Das várias abordagens sobre as plataformas digitais que podem ser reinscritas no
panorama artístico contemporâneo, o trabalho de John Clang, natural de Cingapura, se
constitui, em sua inventividade, num ótimo exemplo para pensarmos a conexão entre
tecnologia, espaço e tempo. Na série Being Together (foto), Clang, consciente da
crescente emigração dos jovens de Cigapura, que estão distantes de suas famílias, (foto)
desenvolveu uma estratégia particular de retrato de família, mesclando imagens reais e
projeções digitais. (foto). Projetando numa parede a imagem transmitida de Cingapura,
via skype, Clang, radicado em Nova Iorque, conseguiu através deste encontro virtual,
se colocar ao lado dos seus familiares (foto) Essa simulação é a cópia da forma real,
não é falsa, mas também não pode ser considerada verdadeira, se seguirmos o
pensamento do filósofo francês Jean Baudrillard.

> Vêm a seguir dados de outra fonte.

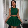 Vestido de otoño 2024, nuevo vestido largo plisado sin mangas con cuello redondo y elegante para mujer europea y americana transfronteriza

É uma criação, algo inventado, mas
tão crível que o aspecto de irrealidade é ofuscado. Tanto é assim que a cultura ocidental
está construída num mundo fictício reforçado pelos meios de comunicação ou mesmo
por séries recentes como Black Mirror.

Já o baiano Paulo Coqueiro, em Não Minta para mim, vencedor do Premio Pierre
Verger em 2017, concebe uma verdadeira proeza quando inventa o personagem Tito
Ferraz a partir de uma narrativa visual baseada em acontecimentos puramente virtuais.

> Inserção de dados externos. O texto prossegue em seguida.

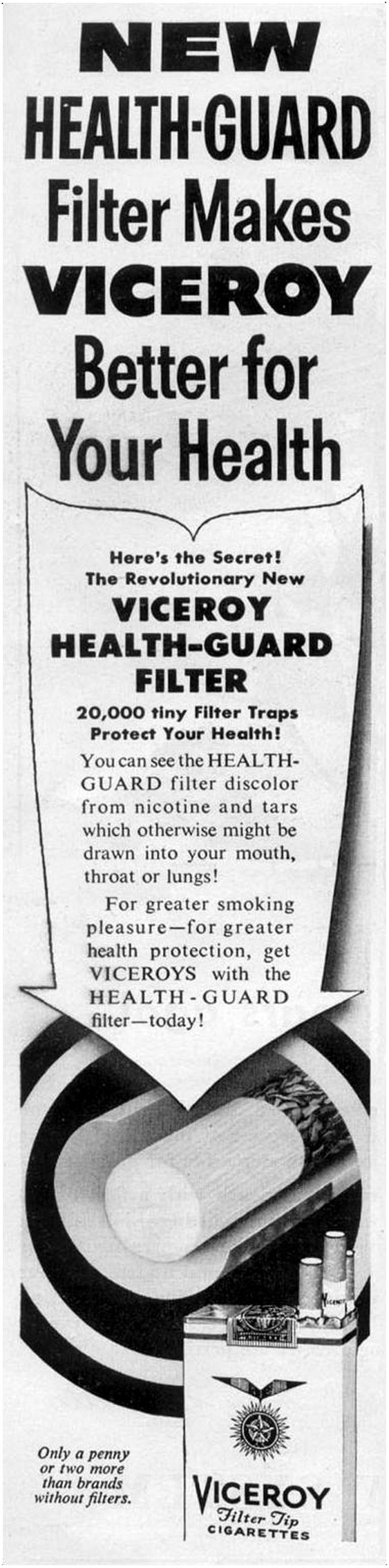 1953 New Health-Guard Filter Makes Viceroy Better for Your Health

A simulação é o eixo principal de sua proposta. Para dar concretude ao seu personagem,
Coqueiro utiliza o belo retrato do escritor Albert Camus que passa a ser Tito Ferraz nas
redes sociais. Durante um ano e meio, Coqueiro, aparece no Facebook como Tito
Ferraz, compartilhando entre os amigos a identidade de seu personagem, o aniversário
de Tito Ferraz, a crise política em Brasília. Nenhum deles podia imaginar a construção
dessa realidade ficcional mesclada com êxito aos fatos do cotidiano. Em seguida,
Coqueiro, além de operar com o desaparecimento de Tito Ferraz, idealiza um livro que
contém, além de um prefácio escrito por um falso Joan Fontcuberta diversas imagens
sobrepostas que desfazem a identidade dos fotógrafos baianos. Em Não minta para
mim, a vida de Tito Ferraz se tornou uma ilha de edição, que atravessa o tempo
cronológico como simulacro, desafiando a famosa frase Ver para crer repetida ao
infinito por estas imagens.

Nessas circunstâncias de absoluta saturação icônica, (foto) o self se afirma em milhares


de imagens nas redes sociais como fenômeno global de comunicação. Talvez uma das
primeiras vezes, em que o self aparece, não com este nome é claro, tenha sido no filme
(foto) Thelma e Louise, produzido em 1991 por Ridley Scott. Geena Davis e Susan
Sarandon posam para a Polaroid durante a viagem que as duas fazem, vivendo incríveis
aventuras nas estradas americanas. Em 2013, a capa da Time (foto) faz uma matéria
especial sobre o self, como prática social, sob um ponto de vista narcisístico, enquanto
que nesta foto (foto) auto-retratos de pessoas e de personalidades do mundo da arte e
da política são manipulados para se auto-fotografarem com smartphones. Nesse
sentido, podemos dizer que a memória atravessada por discursos incessantes e
heterogêneos é efêmera, sem consistência, sem lastro. Qual o futuro dessas imagens?
Essa indagação fica no ar diante da incerteza da permanência destas imagens.